Reproduce, exactly and in full, only the lines below from the one containing "Nappe de table" through the one containing "大人気ニットワンピース ドレス 韓国ファッションセーター".

# ENTRIES PROVIDED
----------------------------------------
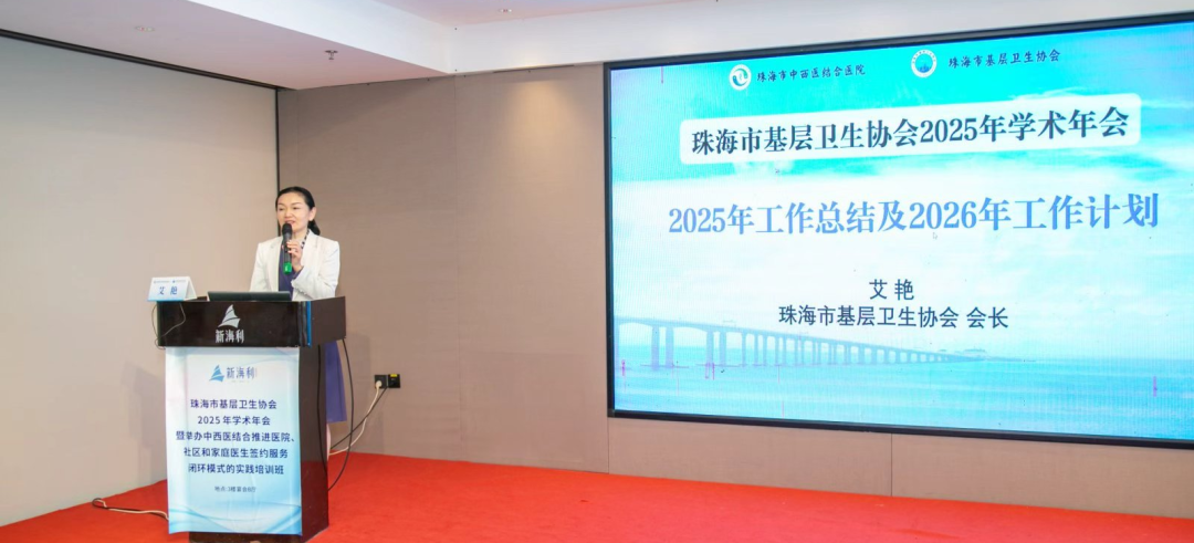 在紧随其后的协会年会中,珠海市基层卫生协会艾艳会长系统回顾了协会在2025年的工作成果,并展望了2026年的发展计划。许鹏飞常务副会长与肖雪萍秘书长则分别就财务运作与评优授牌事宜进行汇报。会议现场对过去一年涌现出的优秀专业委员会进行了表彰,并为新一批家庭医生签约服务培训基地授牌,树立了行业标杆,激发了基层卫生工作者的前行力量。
----------------------------------------
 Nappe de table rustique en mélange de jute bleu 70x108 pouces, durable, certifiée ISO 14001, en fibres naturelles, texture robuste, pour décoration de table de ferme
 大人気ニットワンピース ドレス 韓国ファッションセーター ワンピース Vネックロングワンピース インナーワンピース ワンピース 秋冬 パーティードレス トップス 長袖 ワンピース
----------------------------------------
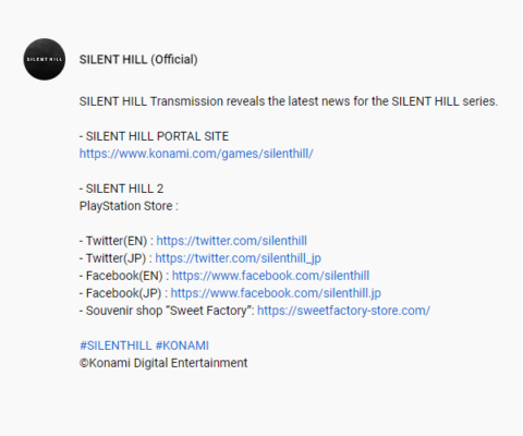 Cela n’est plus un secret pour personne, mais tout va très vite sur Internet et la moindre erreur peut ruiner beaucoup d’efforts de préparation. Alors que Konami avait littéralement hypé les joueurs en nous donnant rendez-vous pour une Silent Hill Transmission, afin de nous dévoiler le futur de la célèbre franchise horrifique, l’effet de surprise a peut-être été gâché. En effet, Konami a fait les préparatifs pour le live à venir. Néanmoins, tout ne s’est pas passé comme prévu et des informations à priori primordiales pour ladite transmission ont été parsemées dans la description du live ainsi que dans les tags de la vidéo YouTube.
----------------------------------------
# SOLUTION FOR THIS EXERCISE
 Nappe de table rustique en mélange de jute bleu 70x108 pouces, durable, certifiée ISO 14001, en fibres naturelles, texture robuste, pour décoration de table de ferme
 大人気ニットワンピース ドレス 韓国ファッションセーター ワンピース Vネックロングワンピース インナーワンピース ワンピース 秋冬 パーティードレス トップス 長袖 ワンピース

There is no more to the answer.